Currently dying to see: The new Harry Potter movie. I probably won't see it until it's out on DVD, though. Not because there isn't an opportunity or available babysitting, but because it's hard for me to think about wasting one of those precious weekend nights with Cal just to go to the stupid movies. (We did go see "The 40-year-Old Virgin" this summer, but that was when I was still on maternity leave, so baby time was not such a hot commodity.)

What's the deal with this movie version of "Rent" that's coming out now anyway? It could either be pretty good or really bad. Almost all of the original cast is in the movie, which is kind of cool, but how does that work, exactly? Aren't they too old? Isn't the point that it's supposed to be about people in their 20's? Are they going to be screeching "Seasons of Love" with, like, canes and walkers and stuff? (Yes, I know it was only ten years ago.) Still, the whole story is kind of dated, if for no other reason than that impoverished bohemians could afford to live on the Lower East Side of Manhattan.

Tuesday, November 15, 2005

born free

Yesterday in the PACU, one of my co-residents (whose name name may or may not be Adam) came up to me with his cell phone in hand.


ADAM
Hey, I have a picture for your to put up on your website.

MICHELLE
What, not more naked ladies?

ADAM
No, it's a picture of my med cart this morning.
(Shows phone-cam picture of the inner shelf of an anesthesia med cart with a brownish blob in the corner)

MICHELLE
What is that?

ADAM
Guess.

MICHELLE
I don't know, some brownish oval-looking thing.
(Realizing)
Wait a second...is that...is that a roach?

ADAM
Yup.

MICHELLE
There was a roach in your med cart?
(Soundless gagging)

ADAM
Third drawer.

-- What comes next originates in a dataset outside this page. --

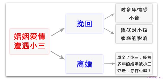 最怕的是第三类和第四类。第三类和第四类,都以优雅、温柔为表征。第三类想要人,第四类想要人和钱。想要人的第三者,以规则、道德、耐心、自身素养为武器来应对。想要钱的第三者,以法律为武器来对付。
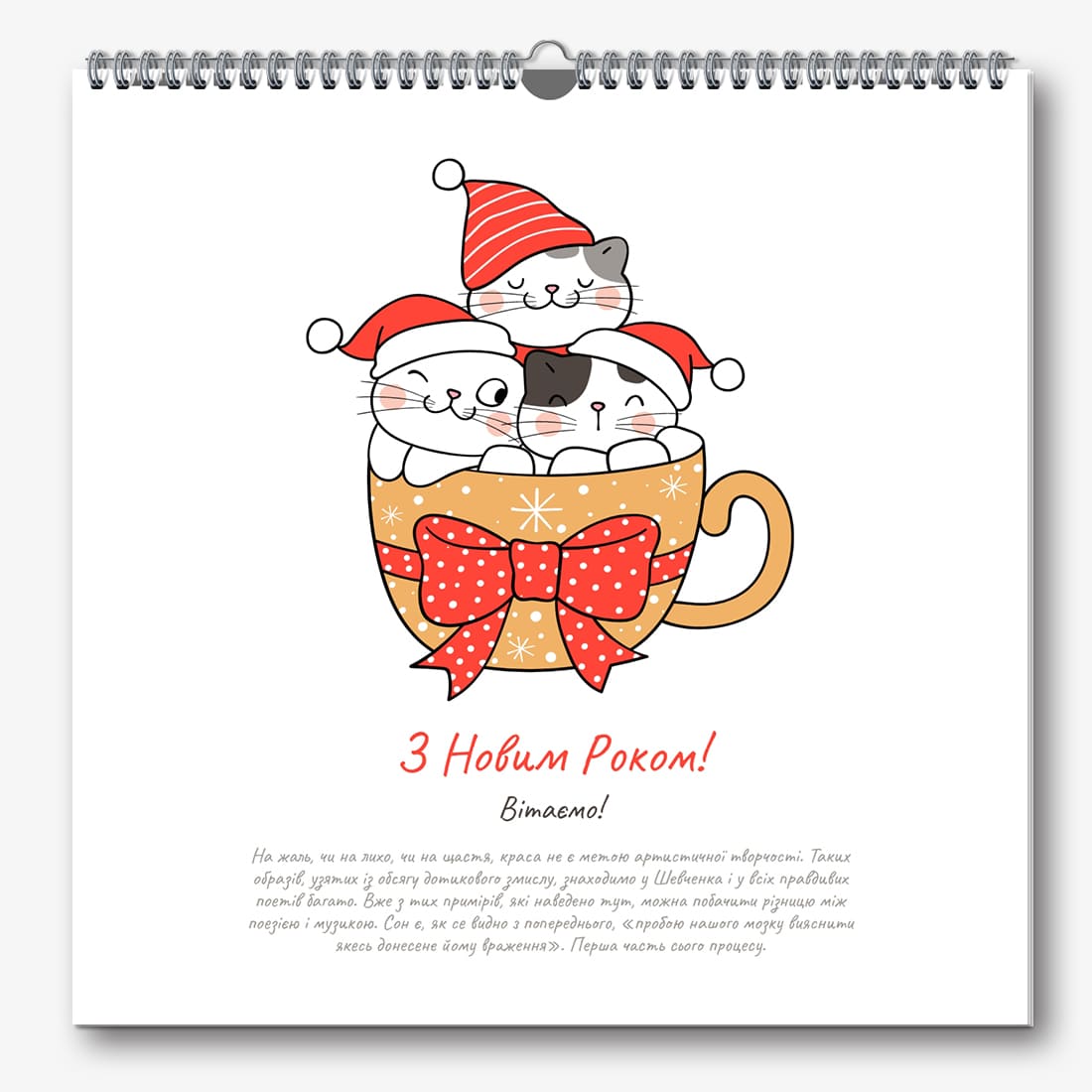 Готовий шаблон настінного календаря з різдвяним дизайном-це ідеальне рішення для створення святкового настрою і організації часу в яскравий сезон свят. Шаблон виконаний в класичному різдвяному стилі з елементами, які асоціюються з затишком, теплом і чарами зими. Цей настінний квадратний календар підійде для багатьох сфер. Наприклад, він стане прекрасним подарунком для клієнтів і партнерів в бізнесі. Компанії, що займаються продажем товарів або послуг, зможуть використовувати його для демонстрації своєї турботи і уваги до клієнтів. Представникам творчих професій, таким як дизайнери, фотографи або художники, шаблон допоможе підкреслити їх стиль через індивідуальний підхід. Власники кафе, магазинів або салонів краси можуть доповнити календар логотипом і контактами, щоб зробити його одночасно корисним і рекламним інструментом. Редагування цього шаблону в нашому онлайн-конструкторі максимально зручно і інтуїтивно зрозуміло. Ви можете змінити текст, додавши назву компанії, особисте привітання або важливі для вас дати. Також легко замінити зображення, додавши фотографії своїх співробітників, продукції або особисті сімейні знімки. Завдяки вбудованим інструментам редагування можна регулювати шрифти, їх розміри і кольори, щоб створити унікальний календар, що ідеально підходить під ваші завдання.

I'm going to show this to JCAHO.

[Special note to hospital administration: not really.]


MICHELLE
And it's one of those big ones too! Guh! What would a roach be doing in the med cart? There's not even any food in there. What would it eat?

ADAM
The propofol?

MICHELLE
What, the soy emulsion? Maybe if they were vegan roaches.

OTHER RESIDENT
Did you kill it?

ADAM
No, I stuck a Tegaderm on it.

MICHELLE
You stuck a...
(Mouth moves, but no more words come out)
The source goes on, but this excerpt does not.